Highlights

Efficient all-electron hybrid density functionals for atomistic simulations beyond 10 000 atoms

Case Study
15 Jul 2024

A highly optimized implementation of hybrid density functional approximations (DFAs) in the all-electron code FHI-aims has been developed, dramatically improving performance and scalability for both non-periodic and periodic systems. This collaborative effort extends the reach of hybrid DFAs to simulations of over ten thousand atoms, opening new possibilities for large-scale electronic structure calculations across diverse chemical systems, exemplified for perovskites, organic crystals, and complex ice structures.

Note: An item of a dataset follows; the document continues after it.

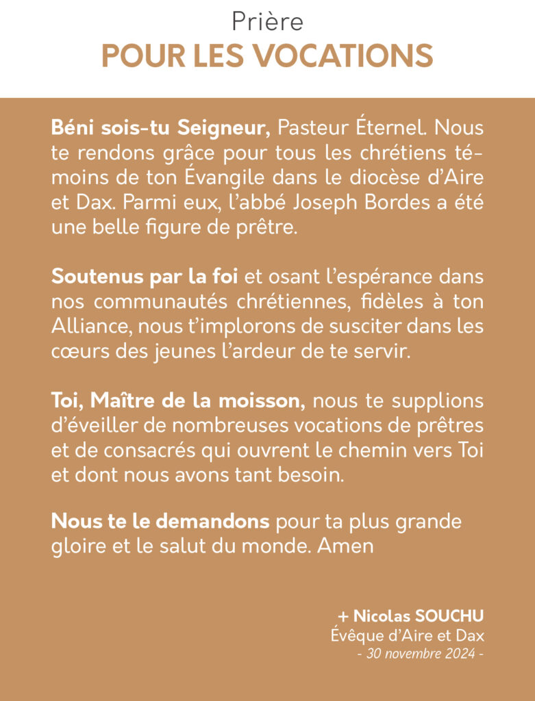 Le thème d’octobre portait sur « Le ministère sacerdotal de l’abbé Bordes ». Celui de novembre, précédait l’anniversaire de l’armistice, en évoquant « L’abbé Bordes – un prêtre dans la Grande Guerre ». Le thème suivant préparait le lancement, par Monseigneur Nicolas Souchu, de la prière diocésaine pour les vocations, en évoquant « La vocation sacerdotale de l’abbé Bordes ».

Shown are benchmark results for the largest periodic structures considered. Average runtimes to evaluate the HSE06 exchange operator (blue bars) and the ELPA two-stage eigenvalue solver (red bars) per self-consistent field iteration are shown.
Shown are benchmark results for the largest periodic structures considered. Average runtimes to evaluate the HSE06 exchange operator (blue bars) and the ELPA two-stage eigenvalue solver (red bars) per self-consistent field iteration are shown.

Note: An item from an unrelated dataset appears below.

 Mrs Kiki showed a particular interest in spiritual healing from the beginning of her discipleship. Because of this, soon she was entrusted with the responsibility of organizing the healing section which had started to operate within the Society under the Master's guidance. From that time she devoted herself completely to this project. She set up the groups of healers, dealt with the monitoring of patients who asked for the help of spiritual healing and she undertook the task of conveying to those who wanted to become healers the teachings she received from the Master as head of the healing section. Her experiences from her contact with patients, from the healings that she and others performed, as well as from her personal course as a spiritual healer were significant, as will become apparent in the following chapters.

- Taken from Kokott, S., et al., J. Chem. Phys. 161, 024112 (2024),

DOI: 10.1063/5.0208103

Exchange-correlation approximations that include a fraction of exact exchange, so called hybrid exchange-correlation functionals, offer compelling accuracy for ab initio electronic-structure simulations of molecules, nanosystems, and bulk materials. They address some deficiencies of computationally cheaper, frequently used semilocal DFAs. However, the computational bottleneck of hybrid DFAs is the evaluation of the non-local exact exchange contribution, which is the limiting factor for the application of the method for large-scale simulations. 

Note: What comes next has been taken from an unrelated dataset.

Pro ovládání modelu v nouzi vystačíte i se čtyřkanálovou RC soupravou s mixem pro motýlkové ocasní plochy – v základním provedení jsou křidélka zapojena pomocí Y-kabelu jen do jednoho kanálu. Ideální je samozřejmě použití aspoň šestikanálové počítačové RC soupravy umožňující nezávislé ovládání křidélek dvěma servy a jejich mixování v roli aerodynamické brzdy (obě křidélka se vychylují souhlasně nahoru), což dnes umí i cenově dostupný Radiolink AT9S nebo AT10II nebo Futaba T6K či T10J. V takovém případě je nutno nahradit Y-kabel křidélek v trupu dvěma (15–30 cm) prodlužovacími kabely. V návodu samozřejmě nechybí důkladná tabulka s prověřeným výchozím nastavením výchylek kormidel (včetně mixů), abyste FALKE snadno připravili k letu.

A team consisting of researchers in Berlin, Hamburg, Garching, Stuttgart (Germany), Espoo (Finland), and Durham (USA) has developed a highly optimized implementation of exact exchange calculations in the all-electron code FHI-aims. This advance applies to both periodic and non-periodic systems and is designed for high-performance CPU clusters. By leveraging refined MPI-3 parallelization techniques, shared memory arrays, and parallelization over basis functions, the team achieved substantial improvements in memory efficiency, computational performance, and workload distribution. Their optimized implementation achieves nearly perfect linear scaling with system size and ideal speedup with increasing node count, resulting in runtime reductions of over 100 times for large systems compared to the previous implementation. Excellent scaling and accuracy is maintained even for simulations of systems exceeding 10,000 atoms.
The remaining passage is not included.